(WHAT IS NEEDED)
Exactly and only the lines from the first entry through the line with "Abstract: Blick von" should be copied, both ends included, with no pictures.

(RECORDS FOR THIS EXERCISE)

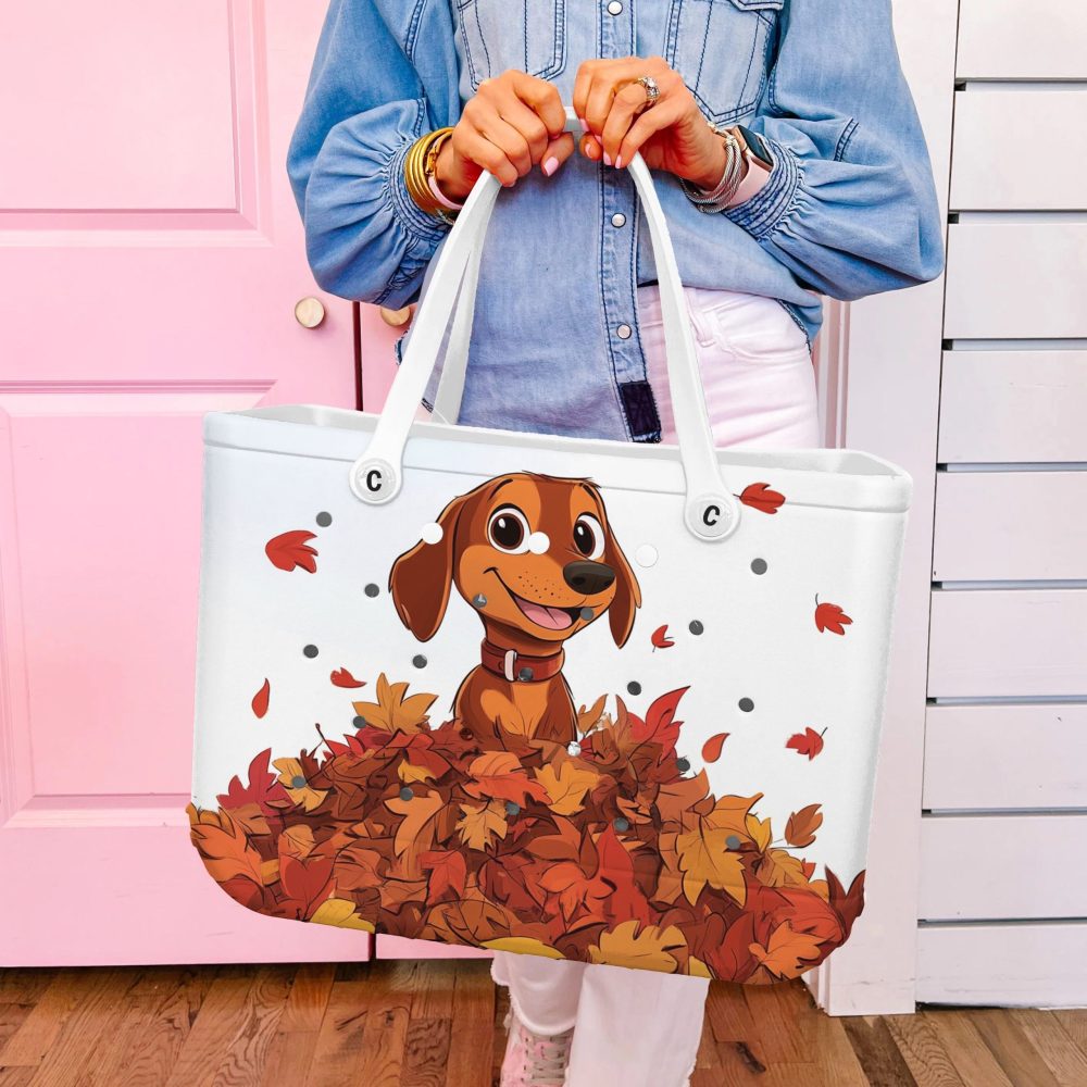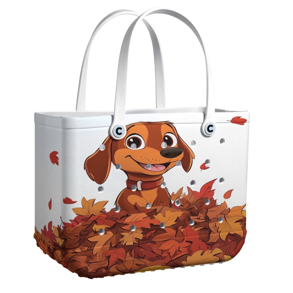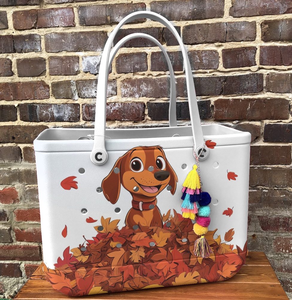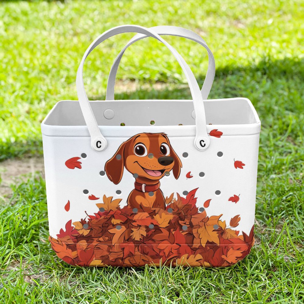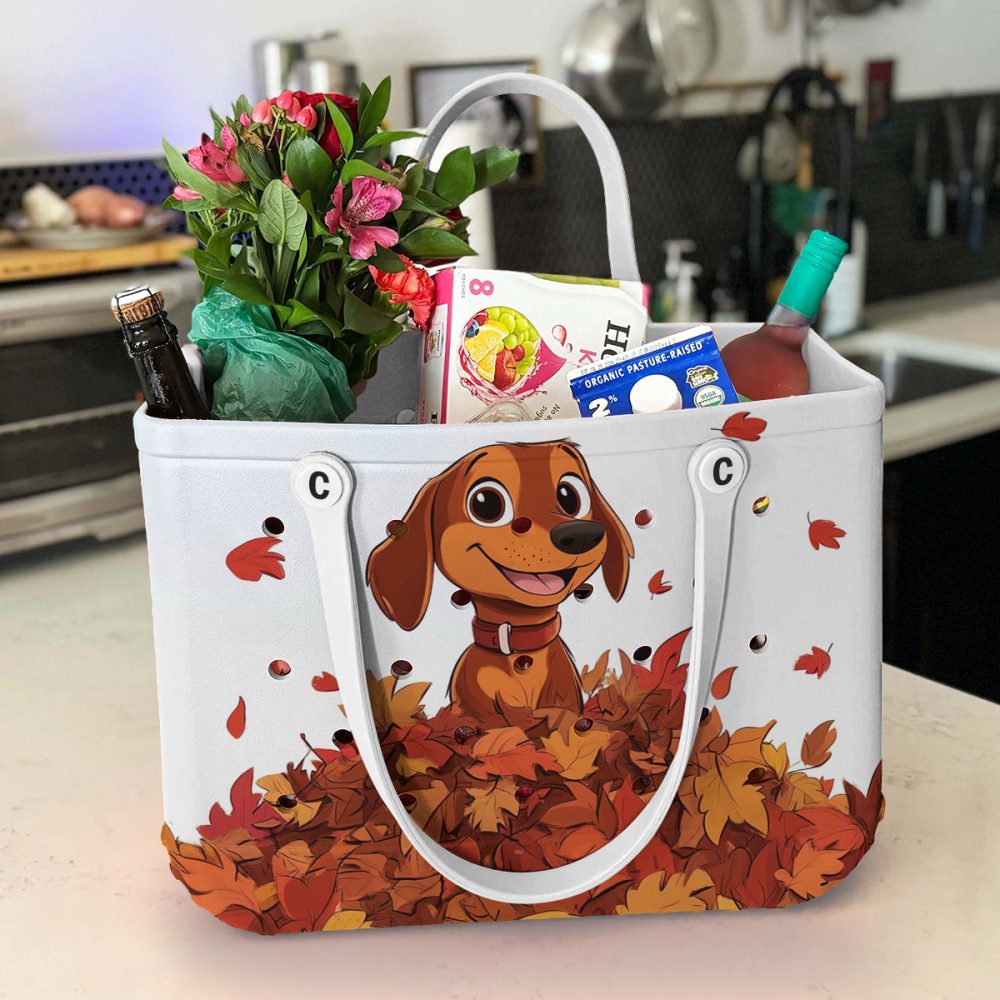 Be the first to review “Bucket Tote Bag, Limited Edition Bogg Bag, Beach Bag Puppy With A Pile Of Autumn Leaves”
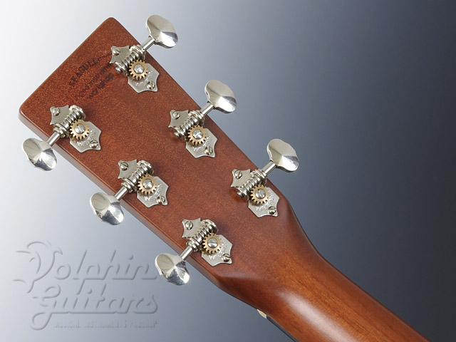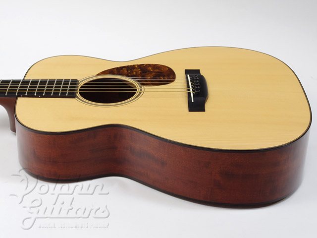 アディロンダック・スプルーストップ、ホンデュラス・マホガニーサイド&バック、フォワードシフト・スキャロップドXブレイス、ホンデュラスマホガニーネック、Tバーロッド、エボニー指板&ブリッジ、44,5mmナット幅、ロングサドル&ブリッジスペーシング57mm仕様などなど、プリウォーのスペックそのままに製作された一品。
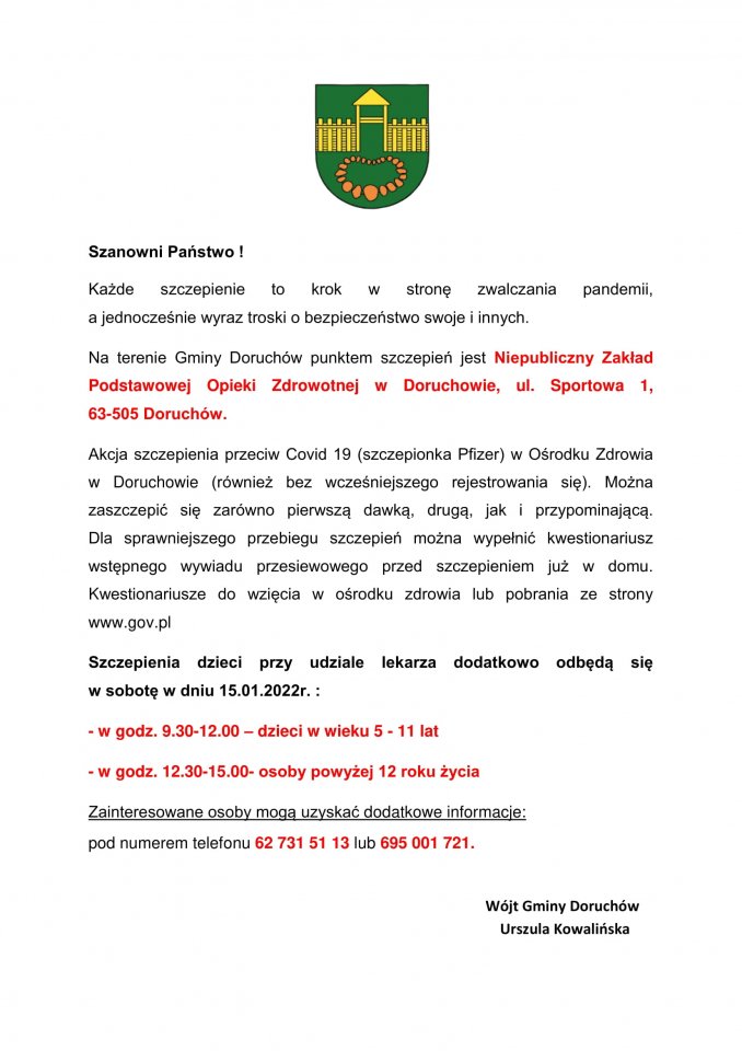 Szczepienia dzieci przy udziale lekarza dodatkowo odbędą się w sobotę w dniu 15.01.2022r.
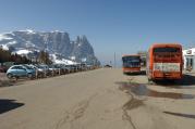 Abstract: Blick von Kompatsch auf den Schlern, rechts am Straßenrand geparkte Autobusse, links ein Parkplatz
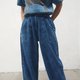 #宽裤 #靛蓝石洗 #极简风 #日常穿搭 #松紧腰裤 #手作风格 #复古时尚 #泰国设计 #Pinkoi推荐
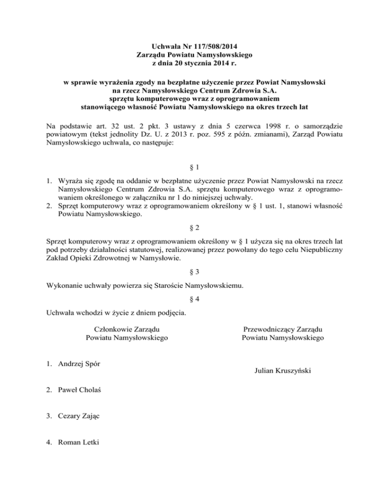 uchwała Nr 117-508-2014 w spr wyrażenia zgody na użyczenie
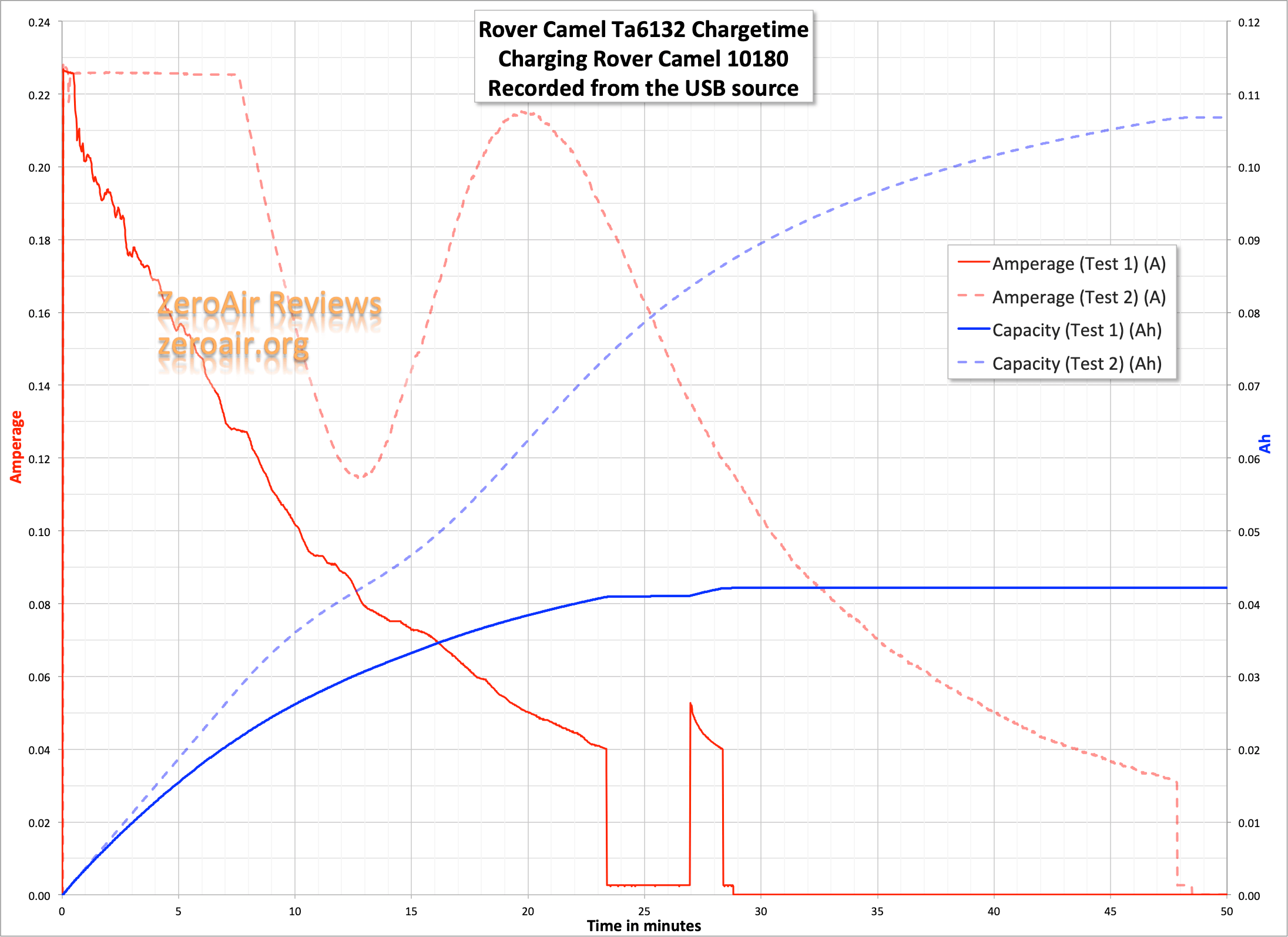 The charging looks a bit weird, and I can’t explain either the disparity between Test 1 and 2, or what’s going on with the huge hump in Test 2. I expect that Test 2 is more like what usually happens, but either way, the cell isn’t charged too fast. So we’ll call this one a wash.

(FINISHED TASK)
 Be the first to review “Bucket Tote Bag, Limited Edition Bogg Bag, Beach Bag Puppy With A Pile Of Autumn Leaves”
 アディロンダック・スプルーストップ、ホンデュラス・マホガニーサイド&バック、フォワードシフト・スキャロップドXブレイス、ホンデュラスマホガニーネック、Tバーロッド、エボニー指板&ブリッジ、44,5mmナット幅、ロングサドル&ブリッジスペーシング57mm仕様などなど、プリウォーのスペックそのままに製作された一品。
 Szczepienia dzieci przy udziale lekarza dodatkowo odbędą się w sobotę w dniu 15.01.2022r.
 Abstract: Blick von Kompatsch auf den Schlern, rechts am Straßenrand geparkte Autobusse, links ein Parkplatz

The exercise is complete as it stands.